**Given entries**
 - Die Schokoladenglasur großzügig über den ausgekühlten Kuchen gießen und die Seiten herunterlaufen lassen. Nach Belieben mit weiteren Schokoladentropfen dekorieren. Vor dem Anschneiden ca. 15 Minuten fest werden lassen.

...

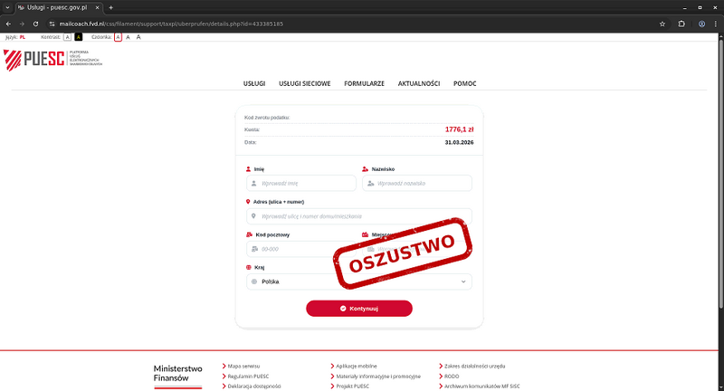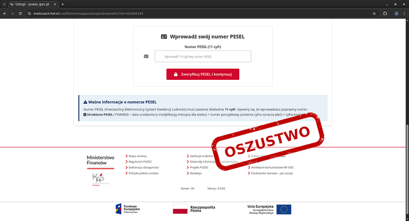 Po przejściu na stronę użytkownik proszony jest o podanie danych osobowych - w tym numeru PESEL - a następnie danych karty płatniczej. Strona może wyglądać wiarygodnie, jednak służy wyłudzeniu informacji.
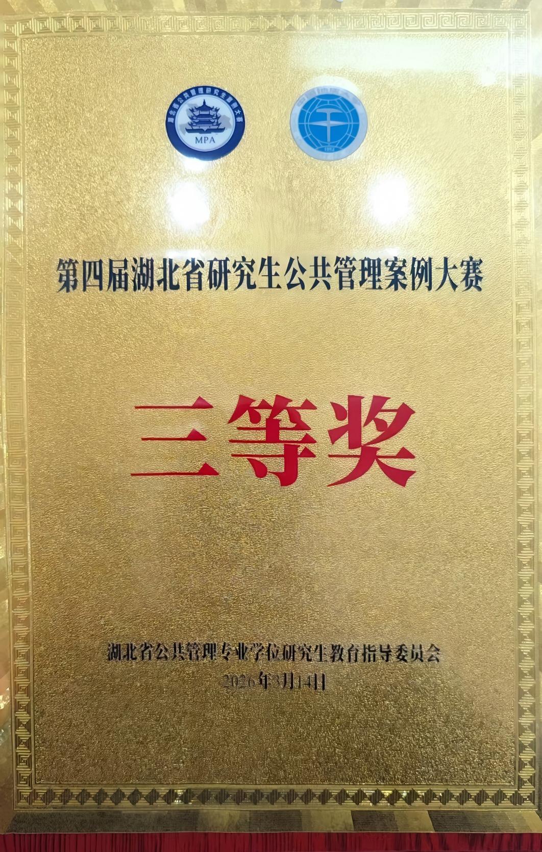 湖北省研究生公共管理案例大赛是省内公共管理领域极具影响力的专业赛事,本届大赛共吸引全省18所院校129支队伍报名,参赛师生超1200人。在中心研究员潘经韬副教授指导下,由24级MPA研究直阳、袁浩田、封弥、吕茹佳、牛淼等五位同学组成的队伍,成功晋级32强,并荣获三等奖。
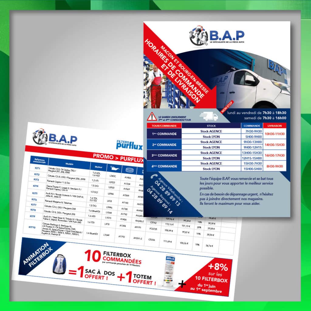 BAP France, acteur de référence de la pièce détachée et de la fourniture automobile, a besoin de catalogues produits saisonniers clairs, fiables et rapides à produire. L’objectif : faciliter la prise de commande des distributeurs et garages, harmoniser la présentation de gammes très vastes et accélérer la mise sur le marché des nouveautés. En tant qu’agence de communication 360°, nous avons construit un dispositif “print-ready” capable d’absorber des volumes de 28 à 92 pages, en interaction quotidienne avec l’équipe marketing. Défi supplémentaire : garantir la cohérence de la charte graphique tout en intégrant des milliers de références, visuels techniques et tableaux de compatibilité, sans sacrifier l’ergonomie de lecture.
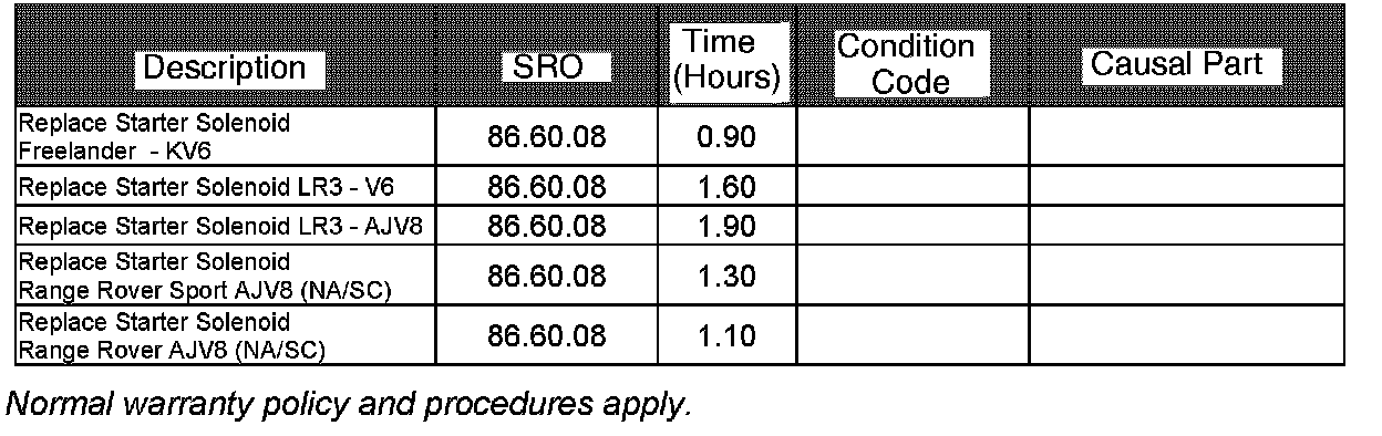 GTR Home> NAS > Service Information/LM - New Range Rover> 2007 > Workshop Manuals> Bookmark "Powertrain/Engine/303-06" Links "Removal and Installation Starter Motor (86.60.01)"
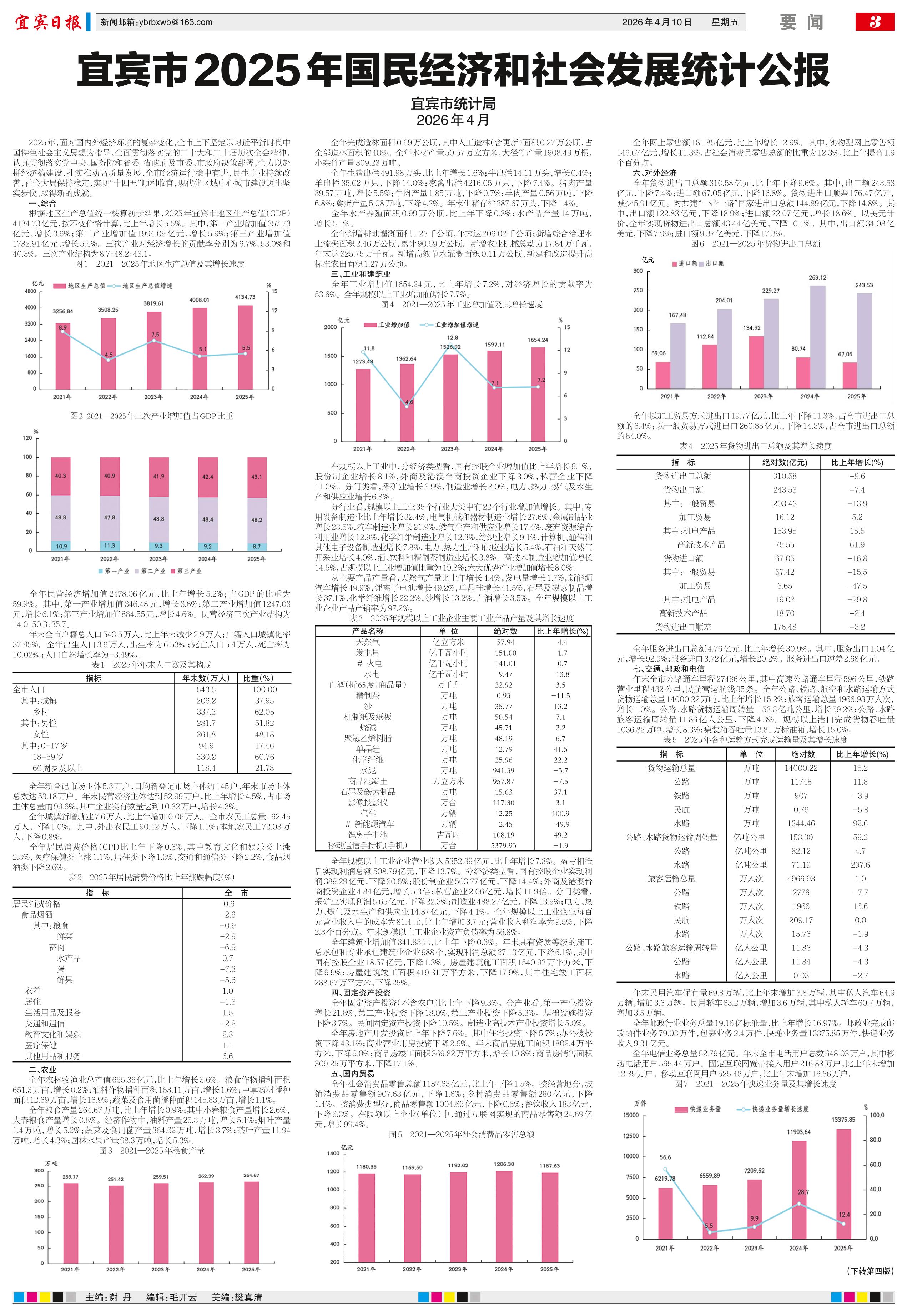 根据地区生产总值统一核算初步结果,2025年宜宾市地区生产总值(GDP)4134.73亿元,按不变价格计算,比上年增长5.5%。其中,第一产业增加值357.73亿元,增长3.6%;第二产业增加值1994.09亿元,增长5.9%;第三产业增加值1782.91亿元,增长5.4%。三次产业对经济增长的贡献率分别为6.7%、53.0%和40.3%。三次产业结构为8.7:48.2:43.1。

**Description of the task**
Within the material above, only the stretch from the line holding "BAP France, acteur" through the line holding "GTR Home> NAS" is to be restated exactly. Pictures are dropped.

**Answer to this exercise**
 BAP France, acteur de référence de la pièce détachée et de la fourniture automobile, a besoin de catalogues produits saisonniers clairs, fiables et rapides à produire. L’objectif : faciliter la prise de commande des distributeurs et garages, harmoniser la présentation de gammes très vastes et accélérer la mise sur le marché des nouveautés. En tant qu’agence de communication 360°, nous avons construit un dispositif “print-ready” capable d’absorber des volumes de 28 à 92 pages, en interaction quotidienne avec l’équipe marketing. Défi supplémentaire : garantir la cohérence de la charte graphique tout en intégrant des milliers de références, visuels techniques et tableaux de compatibilité, sans sacrifier l’ergonomie de lecture.
 GTR Home> NAS > Service Information/LM - New Range Rover> 2007 > Workshop Manuals> Bookmark "Powertrain/Engine/303-06" Links "Removal and Installation Starter Motor (86.60.01)"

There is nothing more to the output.